Leaving out the images, reproduce every line of the data that follows exactly.

** Provided data follows **

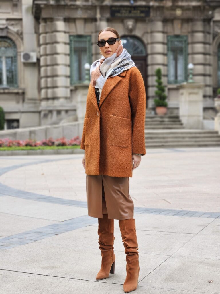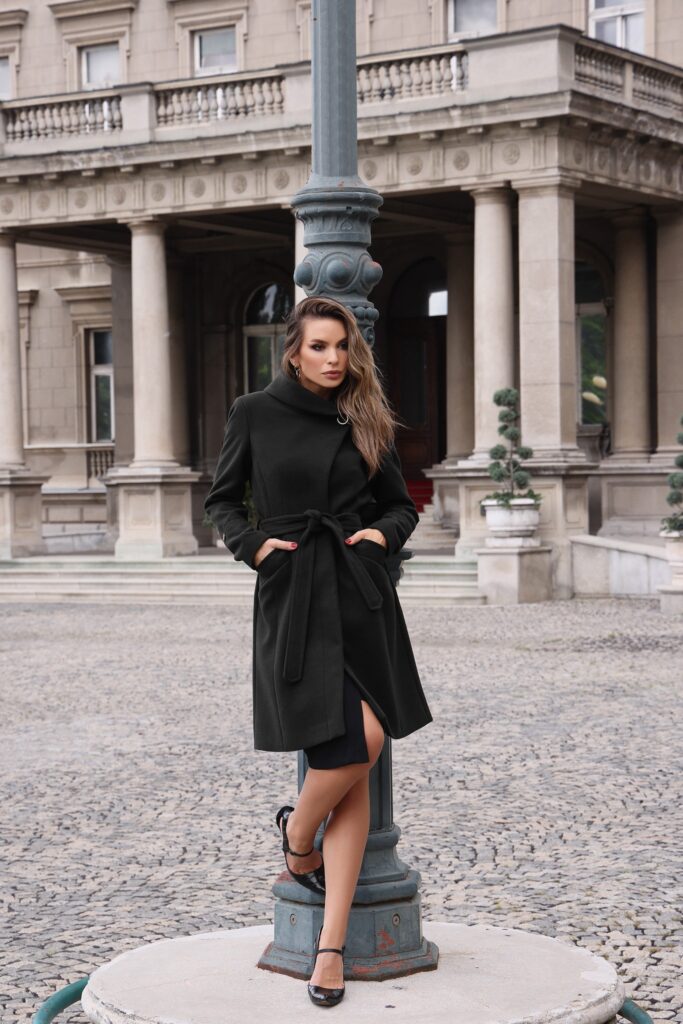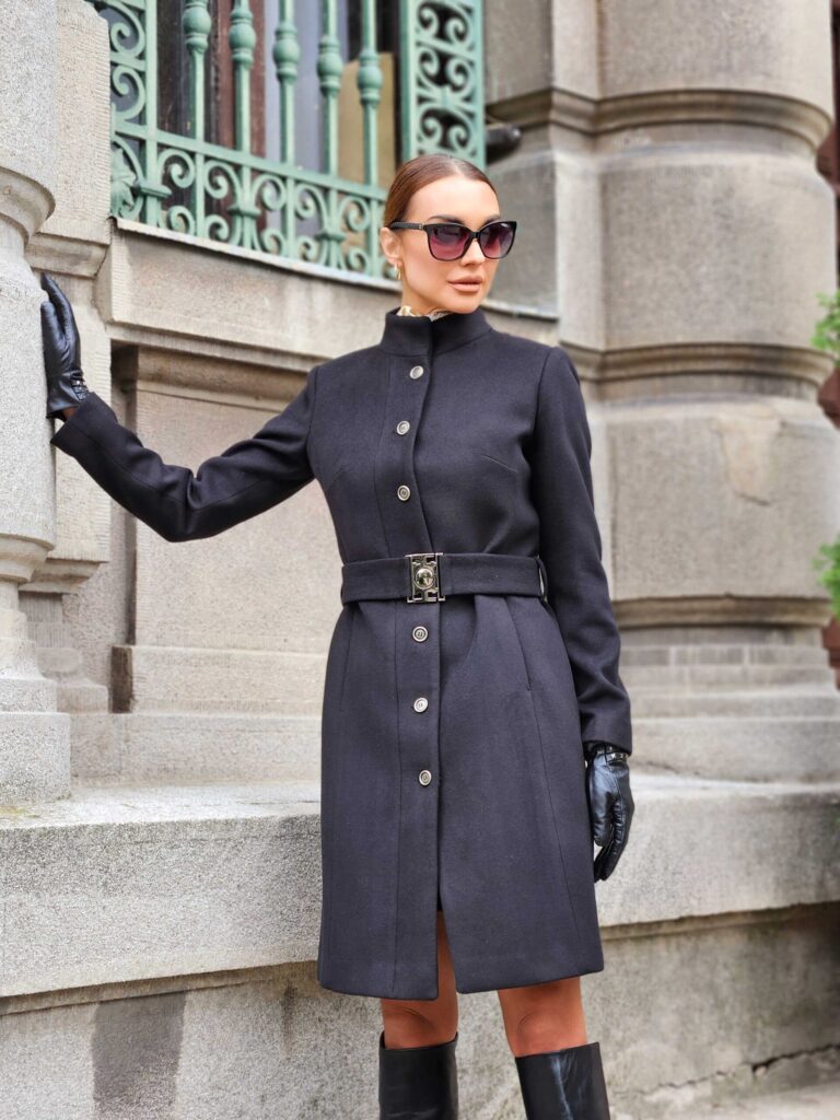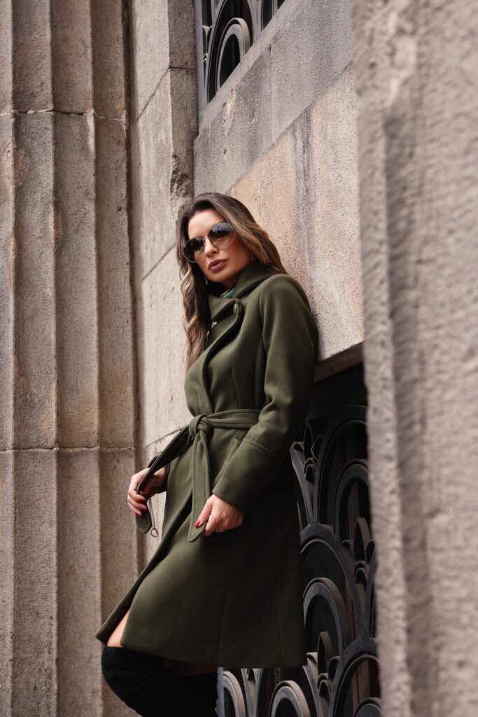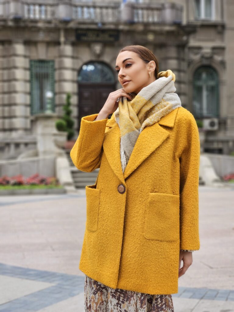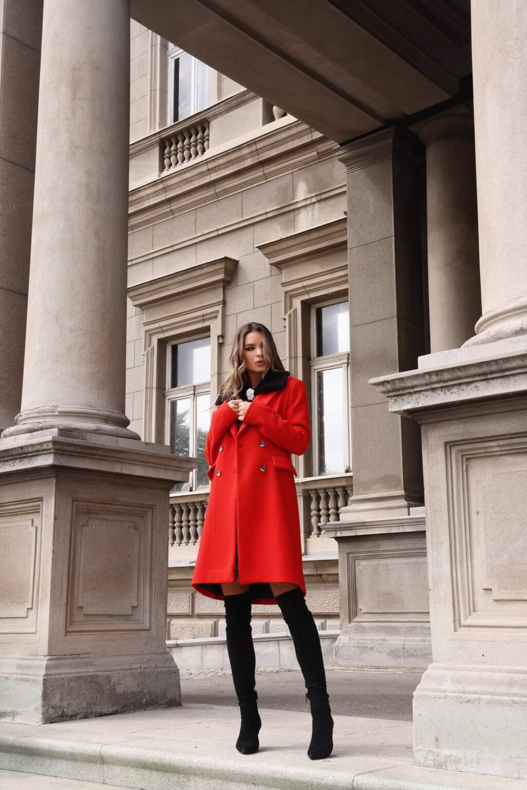 Topao i udoban kaput sa kragnom, reverima i krznom oko vrata koje se skida.Dvoredno kopčanje ukrasnim dugmićima.
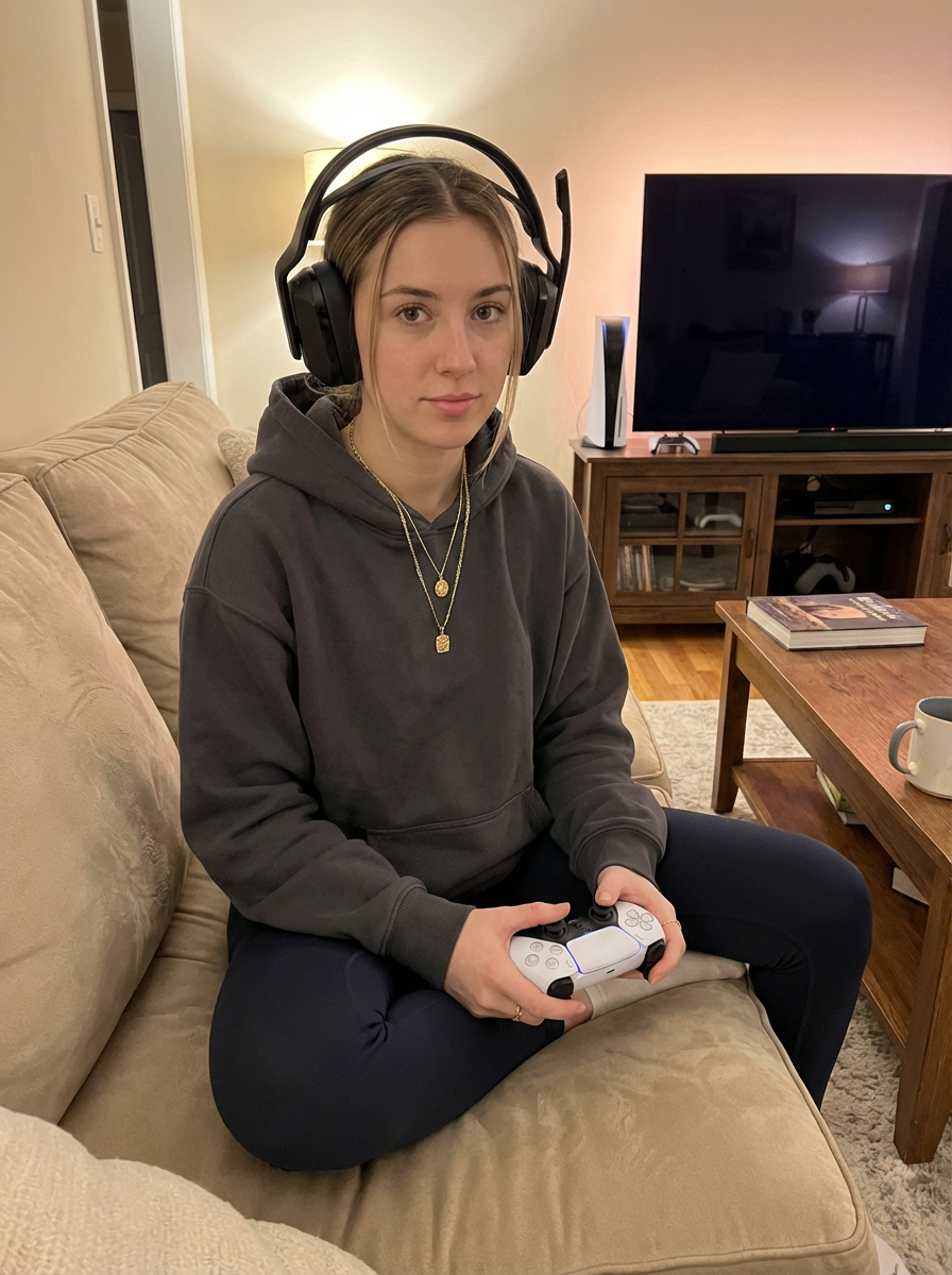 {"image_prompt":{"subject":{"description":"Young model with a casual, authentic appearance","hair":"Messy blonde hair tied back in a loose bun or ponytail with stray strands framing the face","face":"Natural skin texture with visible freckles, hazel-green eyes, soft pink lips, neutral to slightly pouty expression","gaze":"Direct eye contact with the camera"},"clothing":{"top":"Oversized charcoal grey hoodie","style":"Casual loungewear / gaming attire"},"accessories":{"headwear":"Large black over-ear gaming headset with an attached boom microphone positioned near the cheek","jewelry":"Layered gold necklaces, including a shorter chain and a longer chain with a round coin pendant","hands":"White manicured nails"},"props":{"primary":"White PlayStation 5 DualSense controller held up close to the face, partially covering the chin and cheek"},"background":{"setting":"Modern interior room","ceiling":"Tray ceiling architecture with warm recessed LED strip lighting and two visible pot lights","walls":"Plain beige or cream-colored walls","ambience":"Cozy, domestic evening setting"},"lighting":{"type":"Warm artificial indoor lighting","source":"Overhead recessed ceiling lights creating a soft glow","shadows":"Soft shadows under the chin and around the eyes due to overhead lighting"},"camera_style":{"shot_type":"Selfie-style portrait, medium close-up","lens_details":"35mm prime lens with natural perspective","aperture":"f/2.0 for shallow depth of field and soft background bokeh","iso":"ISO 800 for realistic indoor low-light grain","shutter_speed":"1/60s to capture natural movement","file_format":"RAW, with subtle film simulation processing","focus":"Sharp focus on the eyes and freckles, with soft blur on the background"}}}
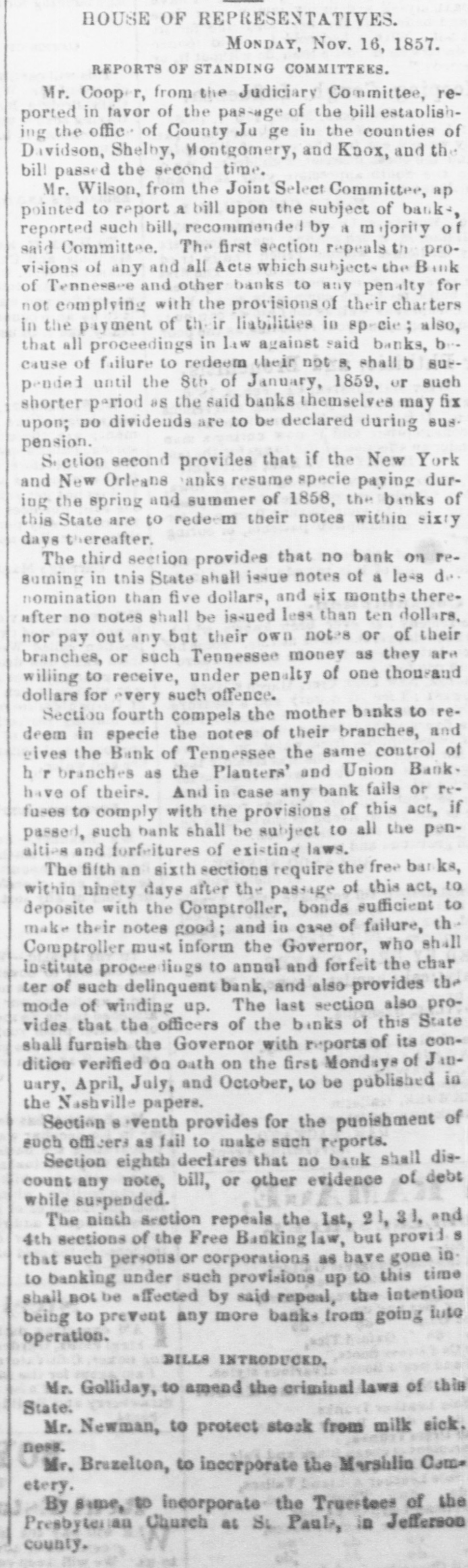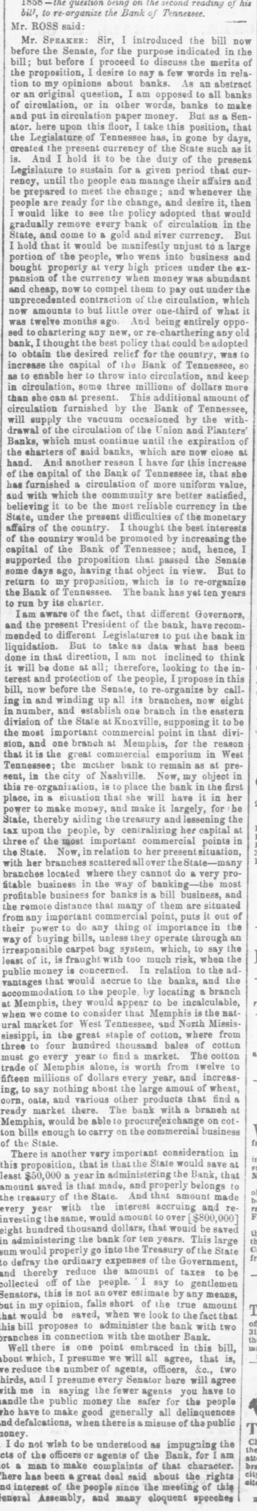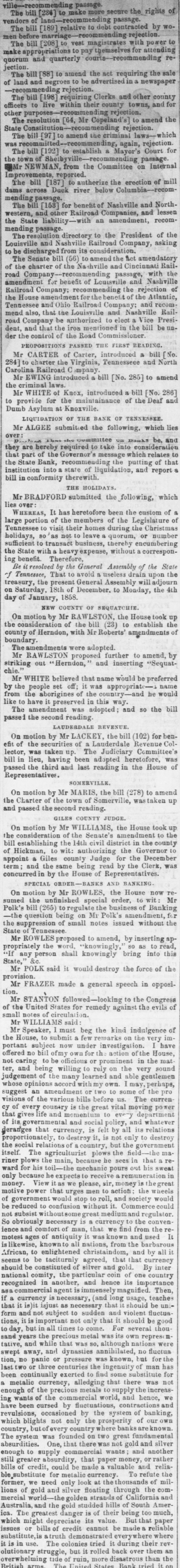 Mr Speaker, I must beg the kind indulgence of the House, to submit a few remarks on the very important subject now under investigation. I have offered no bill of my own for the action of the House, not caring to be officious or prominent in the matter, and being willing to rely on the very sound judgement of the many learned and able gentlemen whose opinions accord with my own. I may, perhaps, suggest an amendment or two to some of the provisions of the various bills before us. The currency of every country is the great vital moving power that gives life and momentum to every department of its governmental and social policy, and whatever deranges that currency, is felt by all its relations proportionately, to destroy it, is not only to destroy the social relations of a country, but the government itself. The agriculturist plows the field-the mariner plows the main, because he sees in that a reward for his toil-the mechanic pours out his sweat only because he expects to receive a remuneration in money. View it as we please, sir, money is the great motive power that urges men to action; the wheels of government would stop to roll, and society would be reduced to confusion without it. Commerce could not subsist without some great medium and regulator. So obviously necessary is a currency to the convenience and comfort of man, that we find from the remotest ages of antiquity it was known and used It is likewise, knownto ali nations, from the barbarous African, to enlightened christaindom, and by all it seems to be taciturnly agreed, that that currency should be constituted of silver and gold. By international comity, the particular coin of one country recognized in another, and hence its importance asa commercial agent is immensely magnified. Then, if a currency is necessary, (and long usage, teaches that it is)it isjust as necessary that it should be uniform and not subject to sudden and violent fluctuations, it is important not only that it should be good to day, but in all times to come. For several thousand years the precious metal was its own represon-tative, and while that was so, although nations were swept away, and dynasties annihilated, no fluctuation, no panic or pressure was known, but for the last two or three centuries the ingenuity of man has been continually exerted to find some substitute for a metalic currency, alledging that there was not enough of the precious metals to supply the increasing wants of the commercial world, and hence, we have been cursed by fluctuatious, contractions and revulsions, occasioned by the system of banking, which blights not only the prosperity of our own country, but of every country where banks are known.
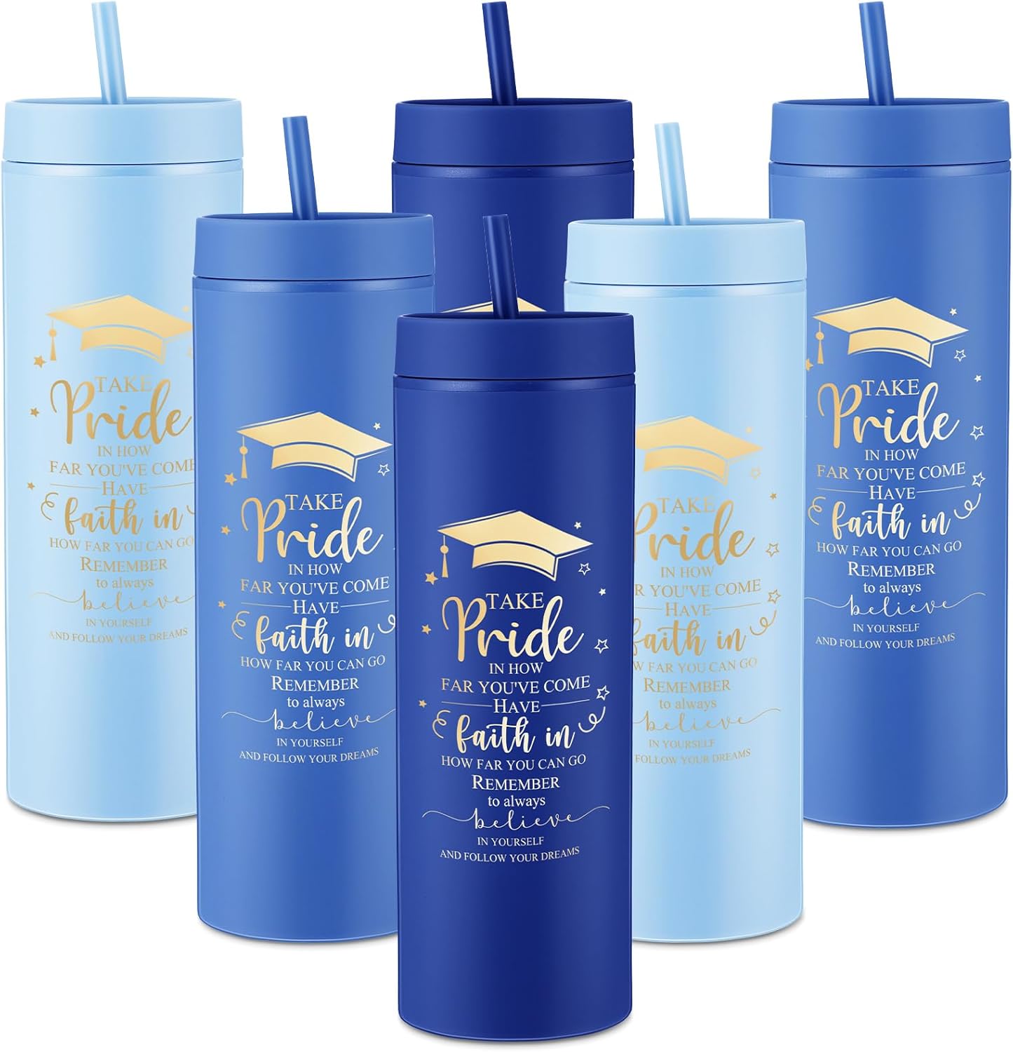 • 12 Graduation Tumblers Package: about 8.27 x 2.76 inches/ 21 x 7 cm, with its practical size, our tumbler grad gifts are skinny to fit conveniently in your hand; The package includes 12 tumbler set, each with its own lid and straw, making it a suitable ensemble for the graduation toast or as a party favor for the attendees

** End of Provided data **

## Answer to the problem
 Topao i udoban kaput sa kragnom, reverima i krznom oko vrata koje se skida.Dvoredno kopčanje ukrasnim dugmićima.
 {"image_prompt":{"subject":{"description":"Young model with a casual, authentic appearance","hair":"Messy blonde hair tied back in a loose bun or ponytail with stray strands framing the face","face":"Natural skin texture with visible freckles, hazel-green eyes, soft pink lips, neutral to slightly pouty expression","gaze":"Direct eye contact with the camera"},"clothing":{"top":"Oversized charcoal grey hoodie","style":"Casual loungewear / gaming attire"},"accessories":{"headwear":"Large black over-ear gaming headset with an attached boom microphone positioned near the cheek","jewelry":"Layered gold necklaces, including a shorter chain and a longer chain with a round coin pendant","hands":"White manicured nails"},"props":{"primary":"White PlayStation 5 DualSense controller held up close to the face, partially covering the chin and cheek"},"background":{"setting":"Modern interior room","ceiling":"Tray ceiling architecture with warm recessed LED strip lighting and two visible pot lights","walls":"Plain beige or cream-colored walls","ambience":"Cozy, domestic evening setting"},"lighting":{"type":"Warm artificial indoor lighting","source":"Overhead recessed ceiling lights creating a soft glow","shadows":"Soft shadows under the chin and around the eyes due to overhead lighting"},"camera_style":{"shot_type":"Selfie-style portrait, medium close-up","lens_details":"35mm prime lens with natural perspective","aperture":"f/2.0 for shallow depth of field and soft background bokeh","iso":"ISO 800 for realistic indoor low-light grain","shutter_speed":"1/60s to capture natural movement","file_format":"RAW, with subtle film simulation processing","focus":"Sharp focus on the eyes and freckles, with soft blur on the background"}}}
 Mr Speaker, I must beg the kind indulgence of the House, to submit a few remarks on the very important subject now under investigation. I have offered no bill of my own for the action of the House, not caring to be officious or prominent in the matter, and being willing to rely on the very sound judgement of the many learned and able gentlemen whose opinions accord with my own. I may, perhaps, suggest an amendment or two to some of the provisions of the various bills before us. The currency of every country is the great vital moving power that gives life and momentum to every department of its governmental and social policy, and whatever deranges that currency, is felt by all its relations proportionately, to destroy it, is not only to destroy the social relations of a country, but the government itself. The agriculturist plows the field-the mariner plows the main, because he sees in that a reward for his toil-the mechanic pours out his sweat only because he expects to receive a remuneration in money. View it as we please, sir, money is the great motive power that urges men to action; the wheels of government would stop to roll, and society would be reduced to confusion without it. Commerce could not subsist without some great medium and regulator. So obviously necessary is a currency to the convenience and comfort of man, that we find from the remotest ages of antiquity it was known and used It is likewise, knownto ali nations, from the barbarous African, to enlightened christaindom, and by all it seems to be taciturnly agreed, that that currency should be constituted of silver and gold. By international comity, the particular coin of one country recognized in another, and hence its importance asa commercial agent is immensely magnified. Then, if a currency is necessary, (and long usage, teaches that it is)it isjust as necessary that it should be uniform and not subject to sudden and violent fluctuations, it is important not only that it should be good to day, but in all times to come. For several thousand years the precious metal was its own represon-tative, and while that was so, although nations were swept away, and dynasties annihilated, no fluctuation, no panic or pressure was known, but for the last two or three centuries the ingenuity of man has been continually exerted to find some substitute for a metalic currency, alledging that there was not enough of the precious metals to supply the increasing wants of the commercial world, and hence, we have been cursed by fluctuatious, contractions and revulsions, occasioned by the system of banking, which blights not only the prosperity of our own country, but of every country where banks are known.
 • 12 Graduation Tumblers Package: about 8.27 x 2.76 inches/ 21 x 7 cm, with its practical size, our tumbler grad gifts are skinny to fit conveniently in your hand; The package includes 12 tumbler set, each with its own lid and straw, making it a suitable ensemble for the graduation toast or as a party favor for the attendees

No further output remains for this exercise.